▶ Problem details:
Output the data below only from the line containing "闭幕式上,生态文明贵阳国际论" up to and including the line containing "- Can Be Applied", exact and with the pictures left out.

Records from a dataset:
···

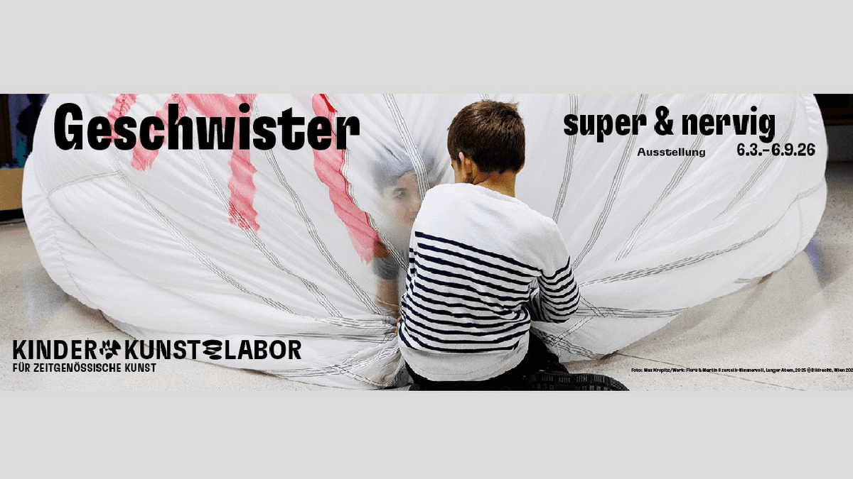 Geschwister können ein Team sein oder ein täglicher Stresstest. Ob verwandt oder selbst gewählt – oft geht es um beides. Was bedeuten Geschwisterlichkeit und Kindsein heute? Das KinderKunstLabor geht dieser Frage nach und präsentiert mit der Ausstellung Geschwister – super & nervig Werke international renommierter Künstler:innen. Die gezeigten Positionen verweisen auf die besondere Nähe von Geschwistern: darauf, wie sie zusammenarbeiten, im Zusammenspiel etwas erfinden – aber auch darauf, wie sie teilen, etwa die Anerkennung für gemeinsam geschaffene Arbeiten.
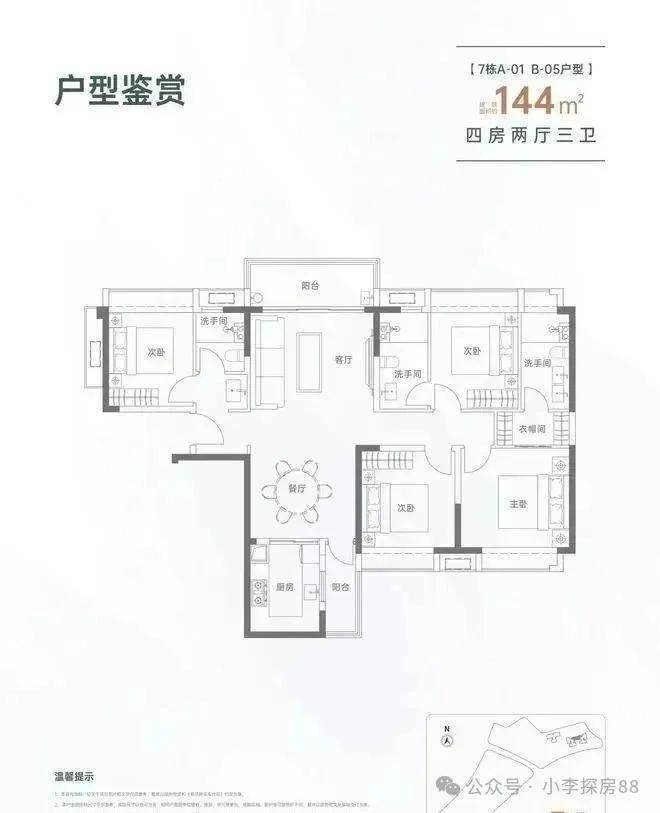 144㎡的4房2厅3卫,设计的是竖厅南北通透格局,双阳台,进门入户玄关,客厅3.8米开间,LDKB一体化设计,双主卧套房,4个卧室分别做到了主卧16.01㎡/次卧11.16㎡/次卧10.46㎡/次卧9.45㎡(实测面积,去掉墙体),L型厨房还带1个生活阳台,公卫干湿分离,得房率约82%(不含赠送),阳台主朝西北向。
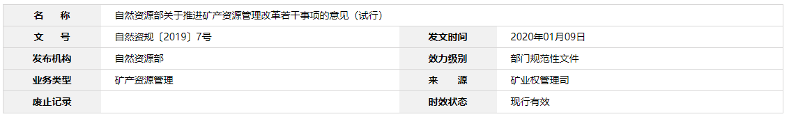 中央或地方財政出資勘查項目,不再新設(shè)置探礦權(quán),憑項目任務(wù)書開展地質(zhì)勘查工作。本意見下發(fā)前已設(shè)探礦權(quán)的,自然資源主管部門可以繼續(xù)辦理探礦權(quán)延續(xù),完成規(guī)定的勘查工作后注銷探礦權(quán),由自然資源主管部門面對各類市場主體公開競爭出讓礦業(yè)權(quán)。
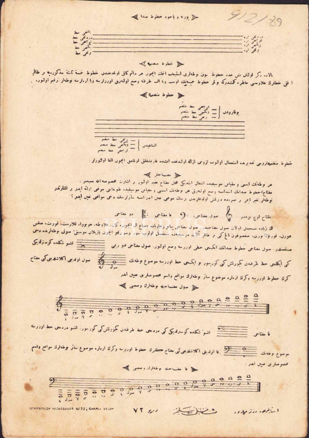 Osmanlıca Risale-i Musikiyye Yahud Müntehab Nota Parçaları, editör Şamlı İskender, 4 sayfa, 13x19 cm
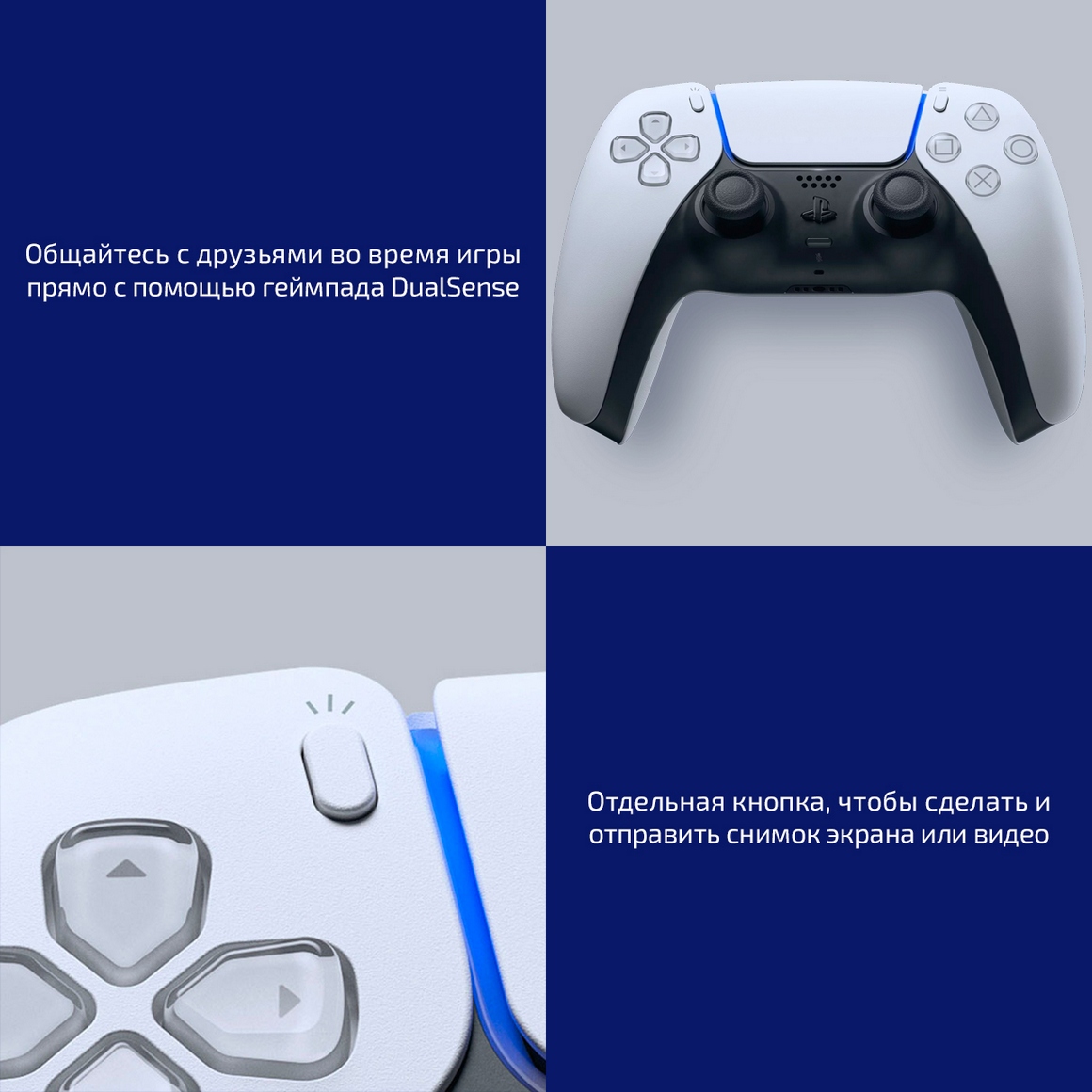 Приобщайтесь к сообществу геймеров, обменивайтесь впечатлениями и публикуйте свои лучшие моменты с легкостью. Геймпад PlayStation 5 станет вашим надежным спутником в виртуальных приключениях, а простая публикация скриншотов и видеоклипов с помощью кнопки Share позволит быстро поделиться яркими моментами, не забывая – на чём вы остановились в игре. Встроенный в геймпад микрофон позволит общаться без подключения гарнитуры, а трекпад и гироскоп делают управление приставкой и многими играми проще и комфортнее.
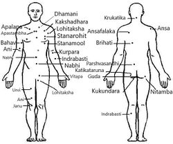 - ↑ 2.0 2.1 Vineeta Negi: Marma & marma Therapy: A Review, Article in World Journal of Pharmaceutical Research · August 2018 DOI: 10.20959/wjpr201815-12973 https://www.researchgate.net/publication/326826604_Marma_and_Marma_Therapy_A_Review
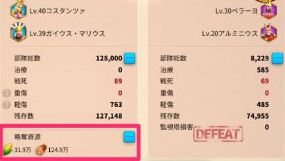 敵の領地を攻撃して防衛部隊との戦闘に勝利すると、領地に保管されている資源を略奪できる。場合によっては採集を行うよりも、短時間で多くの資源を獲得することが可能だ。
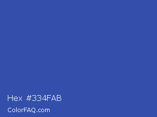 Hex #334fab Color is a normal blue color and the nearest color is Violet Blue #324ab2. Hex code #334fab and RGB value is rgb(51,79,171). In RGB color space, this color is composed of 20% red, 31% green, 67% blue, In CMYK color space, this color is composed of 70% cyan, 54% magenta, 0% yellow , 33% black , In HSL color space, this color has a hue angle of 226° , 54% saturation and 44% lightness.
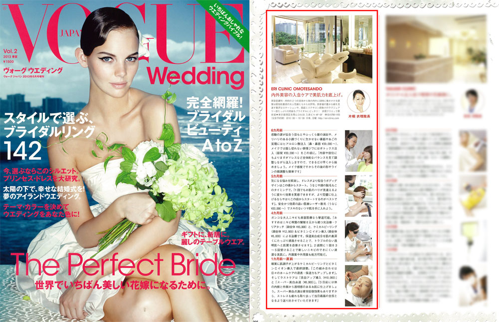 『VOGUE Wedding』Vol.2、「An Expert’s Eye」にて、衣理クリニック表参道が掲載されました。クリニック美容で美しくなるコツや、理想のブライダルプランを提案させて頂いております。是非、ご覧下さいませ。
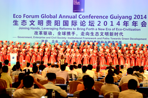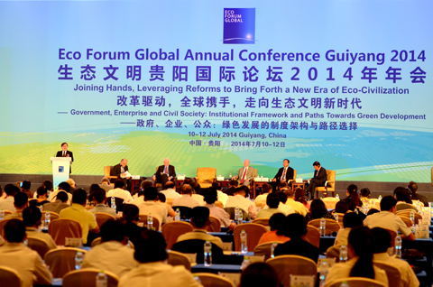 闭幕式上,生态文明贵阳国际论坛秘书长章新胜发布2014年《贵阳共识》,呼吁全球携手,走向生态文明新时代。
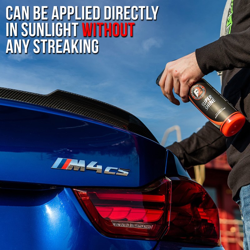 - Can Be Applied In Direct Sunlight - Super Shine can be applied in almost ANY condition. It can be applied in direct sunlight, in high temperatures with humidity and it will not streak. It also works on top of any wax, sealant or coating!
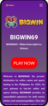 Welcome to BIGWIN69, the Number 1 and most trending destination for online casino and sports betting in the Philippines for 2024. As the premier gateway to top-tier online and sports betting, BIGWIN69 offers an unparalleled experience for both novice bettors and seasoned gamblers. Dive into a broad range of betting options across global sports events and popular casino games, all designed to deliver continuous entertainment and exceptional chances to win. Whether you're placing bets on your favorite sports team or engaging in exciting casino games, BIGWIN69 ensures a smooth, secure, and thrilling betting journey.
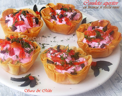 Pentru Cosuletele aperitiv din foile de placinta, gasiti medota AICI. Umplutura din crema de branza este foarte simpla. Se amesteca cu mixerul, branza, smantana, sucul de sfecla, sare, piper si cimbru.
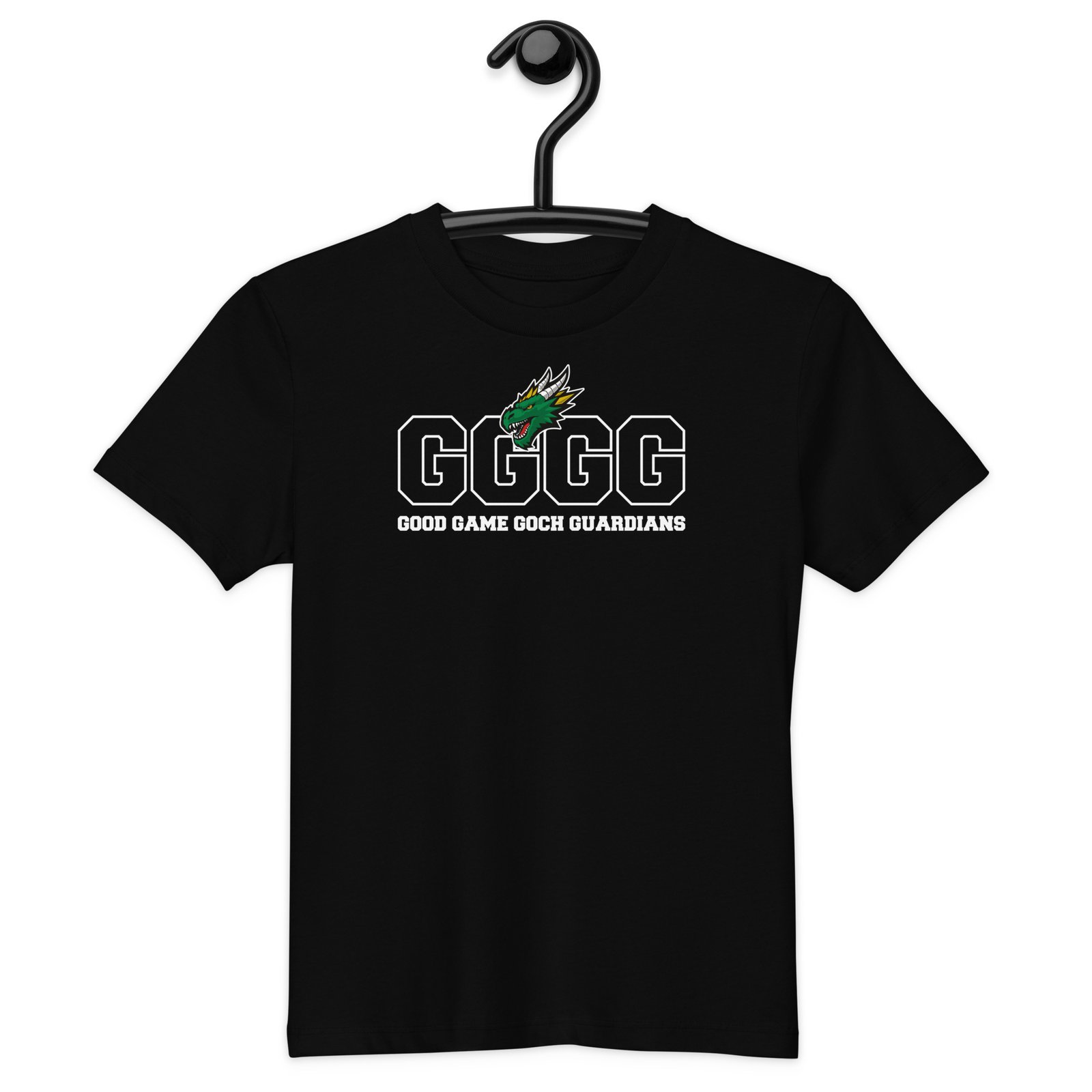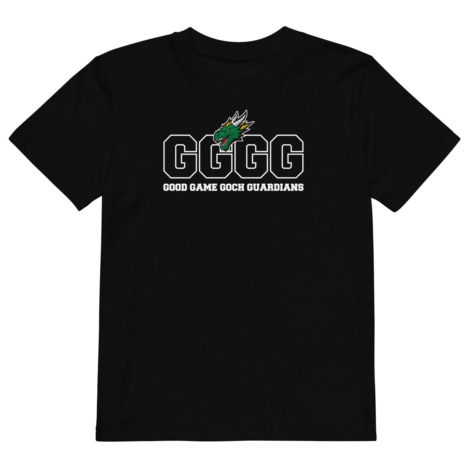 Sportliches Statement-Design: „GGGG – Good Game Goch Guardians“ Schriftzug mit dem Guardians-Drachenkopf.

···

▶ Exercise answer:
 闭幕式上,生态文明贵阳国际论坛秘书长章新胜发布2014年《贵阳共识》,呼吁全球携手,走向生态文明新时代。
 - Can Be Applied In Direct Sunlight - Super Shine can be applied in almost ANY condition. It can be applied in direct sunlight, in high temperatures with humidity and it will not streak. It also works on top of any wax, sealant or coating!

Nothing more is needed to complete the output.